Artificial Intelligence (AI) has recently been widely employed to accelerate biomedical research. AI was used in many applications, such as image detection, data classification, image segmentation, using deep learning approaches(Liu et al. 2019; Toğaçar et al. 2020). People infected with COVID-19 may suffer from pneumonia as the virus spreads to the lungs. Numerous profound learning studies have detected the disease using a chest X-ray imaging approach(Bougias et al. 2019; Jaiswal et al. 2019).
The remainder of this paper is organized as follows: Section 2 discusses the related works on COVID-19 classification. Section 3 describes our Methodology used in this study. The quantitive results and discussion is presented in Section 4. Section 5 presents the conclusion of this study.
Related Work
Research COVID-19 classification literature has numerous methods with different datasets used in some study. Furthermore, many attempts are proposed some ready network with some changes in some cases to enhance the performance of the classification. Myriad works on COVID-19 classification are available, and we will briefly discuss the most relevant works.

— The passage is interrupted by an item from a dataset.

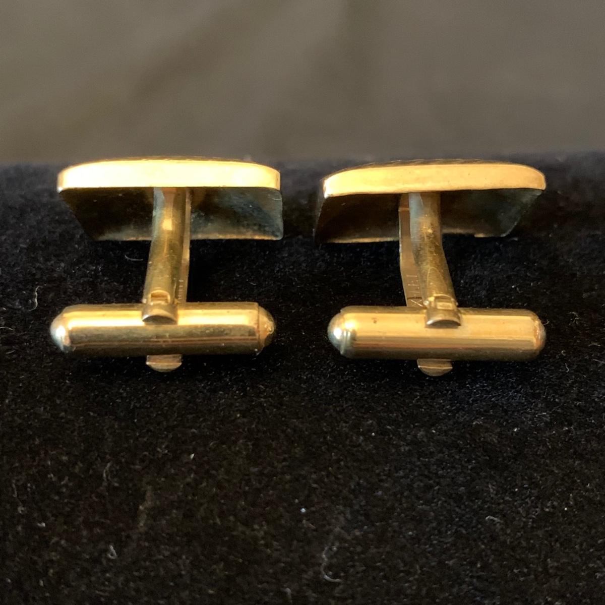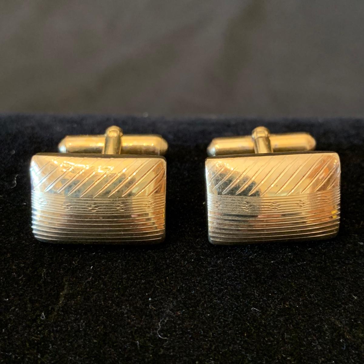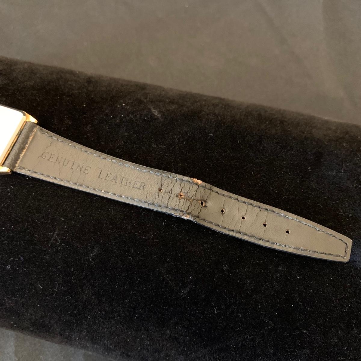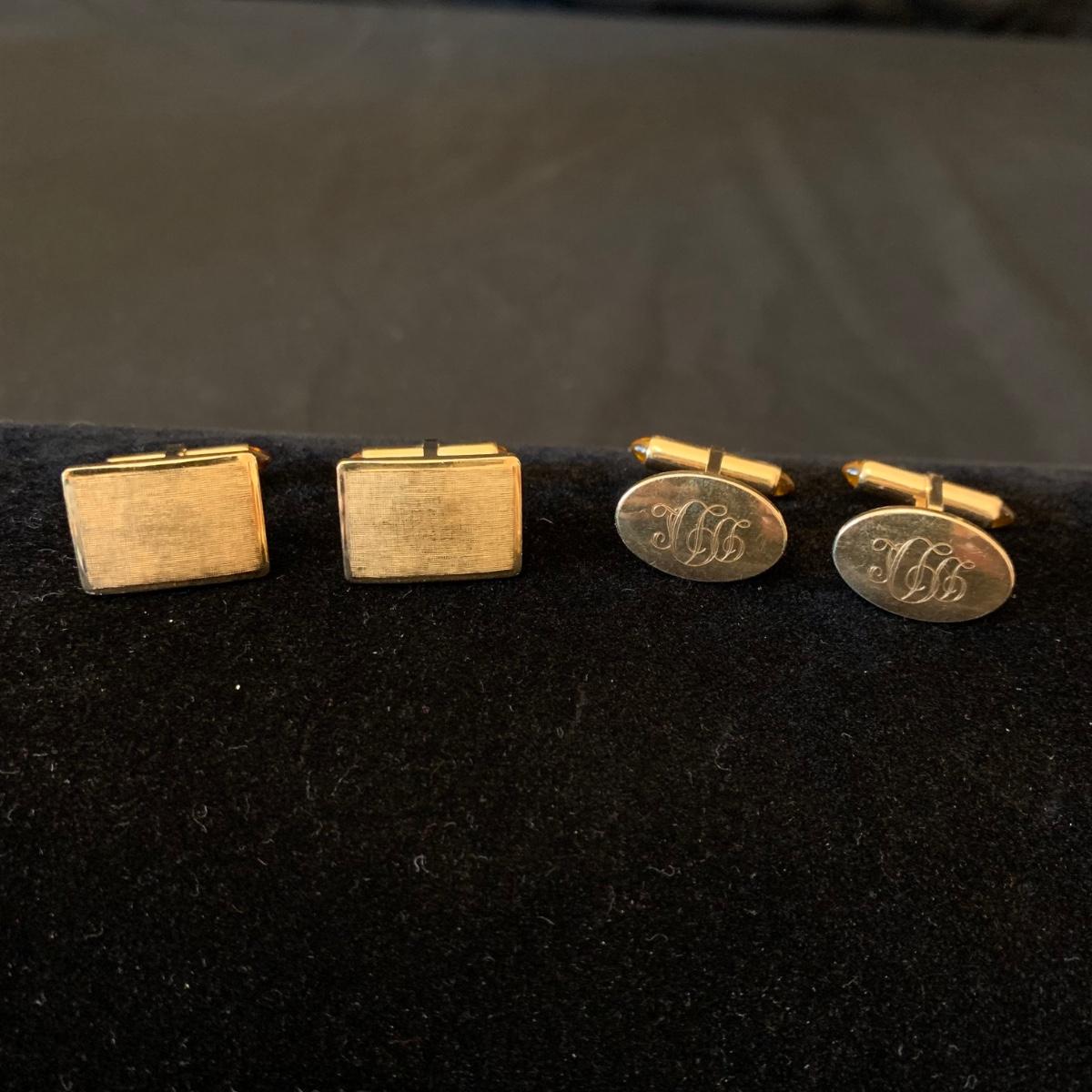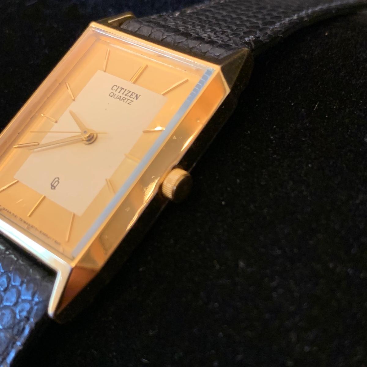 Citizen brand quartz watch with genuine leather black strap. Watch face measures 0.875” x 1”. It is not currently ticking and likely needs a new battery. Watch is marked “˜6031-S06291 SMW”. Two pairs of Krementz cufflinks are included. A Krementz box that is marked 14K Gold Overlay is included, but we cannot verify if one of these pairs or which one of these pairs were originally from this box. The third pair of cufflinks are Flex-Let brand. All three are a gold hued metal.

The American College of Radiology (ACR) advised against the use of CTs and X-rays as a first-line diagnostic or screen tool for COVID-19 diagnosis(the American College of Radiology 2020, March 22). Where they indicated that the images could only show signs of infection that may be due to other factors.
However, there have been plenty of studies where artificial intelligence was applied to test COVID-19 based on chest X-ray images(Afshar et al. 2020; Apostolopoulos & Mpesiana 2020; Farooq & Hafeez 2020; Hemdan et al. 2020; Khan et al. 2020; Li & Zhu 2020; Narin et al. 2020; Ozturk et al. 2020; Sethy & Behera 2020; Toraman et al. 2020; Ucar & Korkmaz 2020; Wang & Wong 2020).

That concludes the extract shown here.